Założycielka wątku zabrała w głos w dyskusji i przyznała, że według niej to mąż ma obowiązek utrzymywać rodzinę, nie ona. Jest również przekonana, że gdyby miała iść na 8 godzin do pracy, a obowiązki domowe spadłyby na męża, on sprzeciwiłby się takiemu układowi. Choć obecnie dzielą się zadaniami, a mąż chętnie zajmuje się córką, boli ją, że tyle czasu poświęca uczniom, przygotowywaniu się do lekcji i prowadzeniu zajęć dodatkowych.
"No tak. Facet zrobił swoje (dziecko), facet może odejść. Człowiek z pasją, a ty go gnoisz? Sama idź do lepszej pracy. Dlaczego to on musi więcej zarobić? Równouprawnienie jest. A małą naucz, że nie pieniądze są ważne w życiu" – czytamy w komentarzach.
Pojawiło się jednak kilka głosów sugerujących, że być może powinna postraszyć męża rozwodem, a być może wtedy by się zreflektował i pomyślał o zmianie stanowiska lub poszukaniu dodatkowego zajęcia.
– Jeśli groźba go nie przekona, to rzeczywiście się z nim rozwiedź i znajdź sobie jakiegoś prawdziwego faceta – grzmi jeden z forumowiczów.

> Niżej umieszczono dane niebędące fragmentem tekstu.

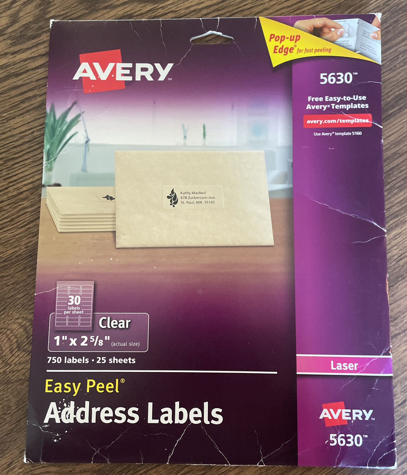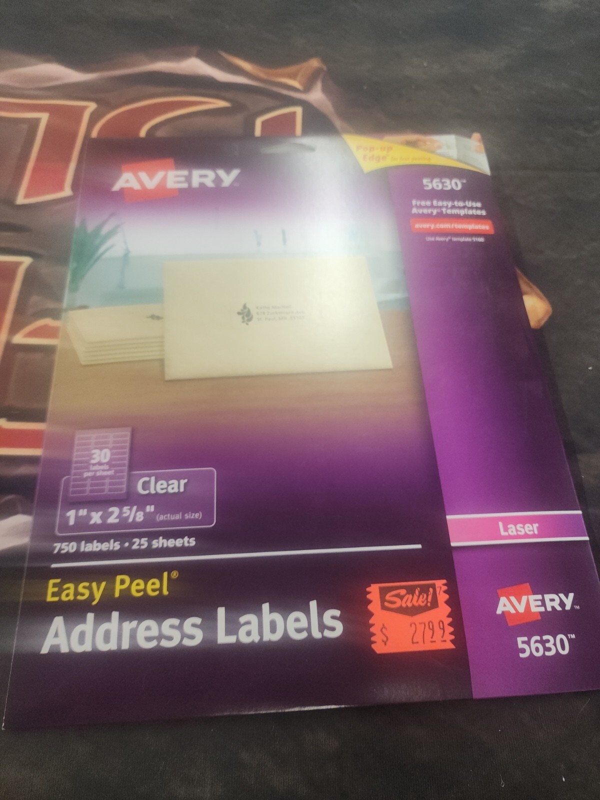 Avery 5630 Laser Address Labels 1-Inch X 2-5/8-Inch 750/Bx Matte Clear Avery 5630 Laser Address Labels 1-Inch X 2-5/8-Inch 750/Bx Matte Clear Visit the AVERY Store -16% $3483 List Price: $41.52 About this item Sold as 750/Box. Perfect for special occasions. Labels virtually disappear on colored and textured surfaces. With patented Easy Peel label sheets, just bend the sheet to expose the Pop-up Edge for fast peeling.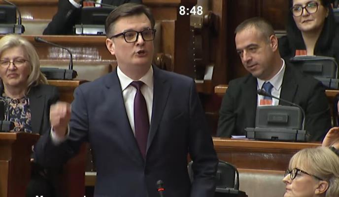 - Mi smo ponovo imali priliku da slušamo priču o fantomima i ja u tu priču nisam verovao, ali dokazi me demantuju, ja nisam u pravu. Prema tome, poštovani poslanici, ako želite da vidite fantoma, to je koleginica koja je govorila u ime ove grupacije. Ovo je tekst Infovranjske, 11. februar 2022. u kojem je Natalija Stojimenović kandidat za poslanika iz Vranja. Ovo je lista "Srbija protiv nasilja", ova godina, broj 31, Natalija Stojimenović, politikološkinja, Beograd, Palilula - rekao je Jovanov u Narodnoj skupštini i dodao: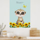 Cartaz de suricata bebê fofa, girassóis e borboleta Blossom. O texto pode ser personalizado. As suricatas simbolizam valores familiares, consciência e boa sorte.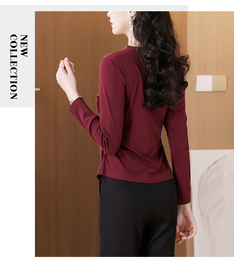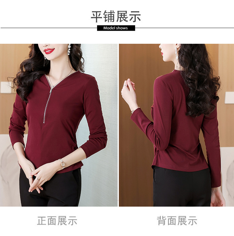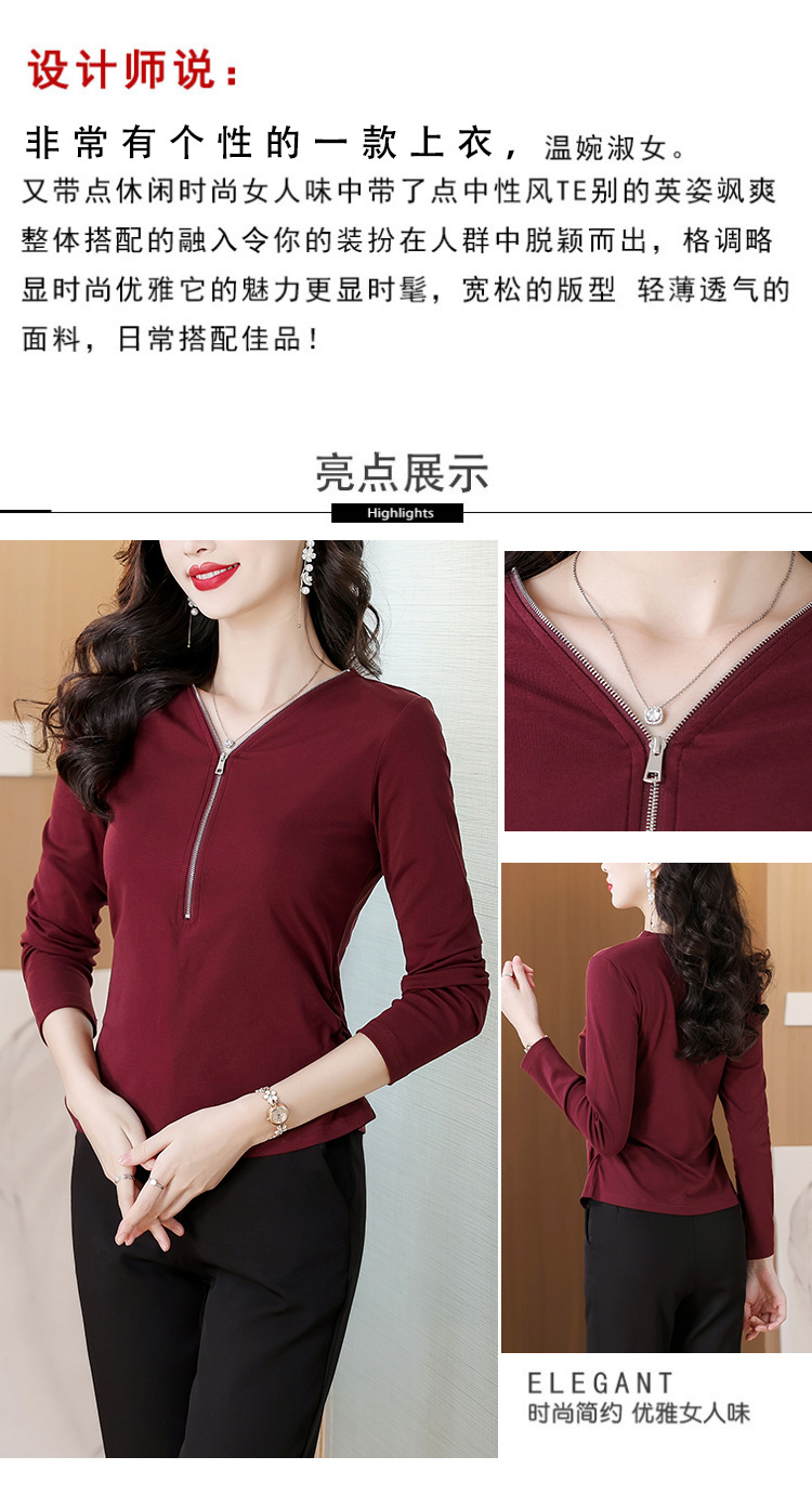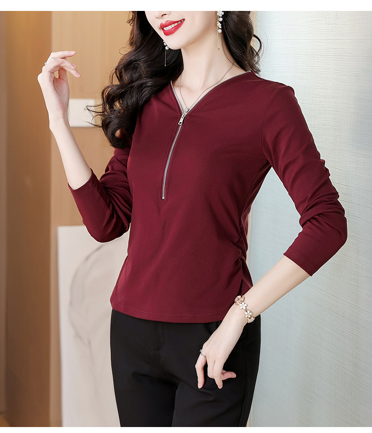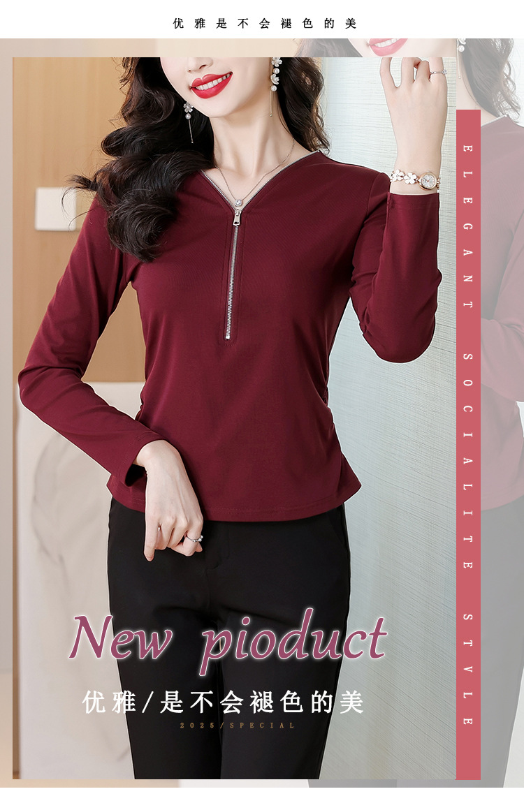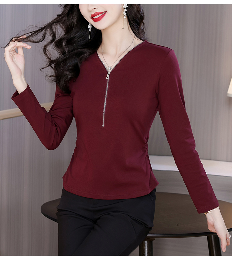 KQL A48N50166纯色V领长袖t恤抽褶修身显瘦拉链上衣

Kilku internautów podało w wątpliwość, czy opisana historia jest autentyczna. Nawet gdyby autorka nieco by podkoloryzowała lub post byłby jedynie prowokacją, podobnych przypadków jest więcej. W końcu wiele kobiet ma żal do swoich partnerów, że nie zarabiają tyle, ile "powinni", a one same żyją w przekonaniu, że to obowiązkiem mężczyzny jest zapewnić kobiecie byt.